El ciudadano moderno en tiempos de pandemia y post-pandemia se constituye como tal, en tanto que permanece confinado, laborando 16 horas o más frente a su computador o dispositivo tecnológico. No es solo quien usa mascarilla y guantes para escamotear al Covid19, sino aquel que se desagrega (por obligación) de su condición individual y familiar para subsumirse en el teletrabajo y ser objeto de la hipervigilancia virtual de sus actividades.
Por Alfredo Espinosa Rodríguez[1].
Lo señalado no pretende ser verdad absoluta – aunque sin arrogancia – es una interpretación que se puede insertar en las distintas vertientes desde las cuales, se construyen los relatos que emergen sobre una pandemia de cariz multifacético: hambre, pobreza, desempleo, precarización laboral y muerte.
La “nueva normalidad”, marcada por el ritmo del Covid19, está imponiendo a raja tabla un darwinismo social de nuevo tipo, donde los más aptos para sobrevivir son quienes personalizan las relaciones laborales en lo virtual y despersonalizan sus vínculos familiares en lo concreto; pues estos no serían más que un elemento distractor que limitaría la posibilidad de alcanzar mayor productividad y eficiencia.
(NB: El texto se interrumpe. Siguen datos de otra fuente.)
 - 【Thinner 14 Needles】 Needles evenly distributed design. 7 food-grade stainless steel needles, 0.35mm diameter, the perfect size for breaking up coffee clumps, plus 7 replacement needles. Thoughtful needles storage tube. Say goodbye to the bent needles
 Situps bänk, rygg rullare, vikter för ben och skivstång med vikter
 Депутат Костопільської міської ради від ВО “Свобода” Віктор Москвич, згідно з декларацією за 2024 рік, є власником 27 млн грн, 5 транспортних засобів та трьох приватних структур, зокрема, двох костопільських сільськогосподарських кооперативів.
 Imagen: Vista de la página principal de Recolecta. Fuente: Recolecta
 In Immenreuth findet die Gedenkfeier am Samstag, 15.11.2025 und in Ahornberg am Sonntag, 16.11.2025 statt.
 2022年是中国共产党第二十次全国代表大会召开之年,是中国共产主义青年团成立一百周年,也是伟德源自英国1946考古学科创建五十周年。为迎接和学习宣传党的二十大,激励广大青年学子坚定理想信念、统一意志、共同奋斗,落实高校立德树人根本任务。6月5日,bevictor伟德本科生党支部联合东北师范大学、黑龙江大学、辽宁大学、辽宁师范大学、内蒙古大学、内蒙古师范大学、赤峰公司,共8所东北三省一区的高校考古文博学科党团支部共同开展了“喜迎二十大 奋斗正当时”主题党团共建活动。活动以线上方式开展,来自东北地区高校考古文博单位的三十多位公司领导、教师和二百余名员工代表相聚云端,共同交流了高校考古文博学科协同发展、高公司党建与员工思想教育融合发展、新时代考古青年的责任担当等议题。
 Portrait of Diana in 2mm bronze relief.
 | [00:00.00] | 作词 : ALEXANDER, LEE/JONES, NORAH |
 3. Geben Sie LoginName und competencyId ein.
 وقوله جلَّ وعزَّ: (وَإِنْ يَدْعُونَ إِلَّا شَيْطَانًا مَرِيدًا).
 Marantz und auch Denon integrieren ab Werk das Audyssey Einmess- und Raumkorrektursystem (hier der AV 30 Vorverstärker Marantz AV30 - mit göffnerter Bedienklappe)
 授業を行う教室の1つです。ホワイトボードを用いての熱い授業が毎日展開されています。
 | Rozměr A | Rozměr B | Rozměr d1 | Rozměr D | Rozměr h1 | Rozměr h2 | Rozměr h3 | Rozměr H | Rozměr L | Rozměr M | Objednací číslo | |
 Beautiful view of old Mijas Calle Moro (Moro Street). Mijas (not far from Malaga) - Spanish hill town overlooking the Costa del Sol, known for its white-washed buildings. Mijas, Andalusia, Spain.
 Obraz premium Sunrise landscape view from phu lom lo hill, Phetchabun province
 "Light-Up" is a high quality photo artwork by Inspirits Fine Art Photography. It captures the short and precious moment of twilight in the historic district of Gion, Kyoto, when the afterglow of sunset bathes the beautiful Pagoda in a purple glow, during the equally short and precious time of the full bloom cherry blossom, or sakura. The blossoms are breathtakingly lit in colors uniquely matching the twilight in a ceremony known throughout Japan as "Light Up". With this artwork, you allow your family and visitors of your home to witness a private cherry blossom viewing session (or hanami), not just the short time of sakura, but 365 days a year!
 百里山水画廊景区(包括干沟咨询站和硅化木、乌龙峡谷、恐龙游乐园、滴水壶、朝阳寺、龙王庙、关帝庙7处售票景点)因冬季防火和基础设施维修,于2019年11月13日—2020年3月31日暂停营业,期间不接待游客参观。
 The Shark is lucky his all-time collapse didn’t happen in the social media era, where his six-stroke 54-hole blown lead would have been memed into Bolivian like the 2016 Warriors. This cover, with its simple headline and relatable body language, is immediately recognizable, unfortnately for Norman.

Para superar estos “obstáculos”, el ciudadano se ve en la necesidad de recurrir al en-cubrimiento o eliminación de su individuación, así como de su entorno familiar y social.
Este auto-atentado hace que muchos asimilen como un beneficio, derecho o incluso una bendición su precarización laboral. Ya no importa si el sueldo viene o no a tiempo cada fin de mes. Tampoco si la reducción de las horas laborables está acompañada de la disminución de derechos, igual carga de trabajo y más obligaciones.
El “buen ciudadano” de la etapa de pandemia y post-pandemia es el trabajador (público o privado) que obvia estas problemáticas y las asume con resignación; pero también es quien hace de la tecnología una extensión de su ser y acepta la hipervigilancia de la autoridad estatal o privada en el seno de su hogar. Dicho de otra manera, este es el paso estrepitoso que marca el abandono de la corporalidad humana para transitar hacia la digital. ¿Quiénes conforman este universo de teletrabajadores? Hombres y mujeres maquinales que están más atentos al chat de su oficina que al diálogo con las personas de carne y hueso con quienes conviven.
Estos seres humanos, confinados por la situación de pandemia que atraviesa el mundo. No tienen tiempo para aprovecharlo consigo mismos. Por ende, añoran la soledad, no como una condición perpetua de abandono; sino como un estadio para la reflexión. Preguntémonos entonces si la ausencia de la soledad no es otra forma de muerte sorpresiva de hombres y mujeres modernos de la pre-pandemia.
Al ser estos, ciudadanos ajenos a sí mismos, también son ajenos a los demás. En este sentido, las simpatías y afinidades – sobre todo en el ámbito laboral – han mutado hacia un canibalismo amparado en la revictimización y la discriminación.
Por ejemplo, algunas mujeres –pese a tener una condición de clase privilegiada –consideran ser más afectadas que los hombres por la pandemia y el teletrabajo, entre otras razones, por su condición de género y por ser madres. Sin embargo, al asumir tozudamente esta premisa como verdad absoluta se incurre en una discriminación hacia los hombres –y a las mujeres – que trabajan para subsistir.
Lo cual nos encamina a preguntarnos. ¿Acaso los hombres pueden trabajar más horas frente al computador que las mujeres, sin agotarse, por el simple hecho de ser hombres? ¿O por ser hombres no sienten la necesidad de ver a sus hijos e hijas y convivir con su familia? ¿O porque no dan de lactar no tienen derecho a disfrutar de sus bebes? ¿O por su condición de género no deben compartir equitativamente el trabajo del hogar? ¿O solo las mujeres de las clases populares son quienes deben realizar un doble y hasta triple trabajo para subsistir?
Esto no es lo único que ha cambiado. Los jefes creen hoy, más que antes, que sus teletrabajadores son propiedad no del Estado ni de la empresa, sino de ellos. En términos marxistas podríamos decir que han sido cosificados para convertirse – prácticamente – en propiedad privada de sus empleadores.
Con todo lo expuesto sobra decir que el sentido de nuestra existencia no será el mismo de aquí en adelante. ¿Acaso no es el momento de luchar por nuestra vida en toda su integralidad?
[1] Magíster en Estadios Latinoamericanos, mención Política y Cultura. Licenciado en Comunicación Social. Analista en temas de comunicación y política.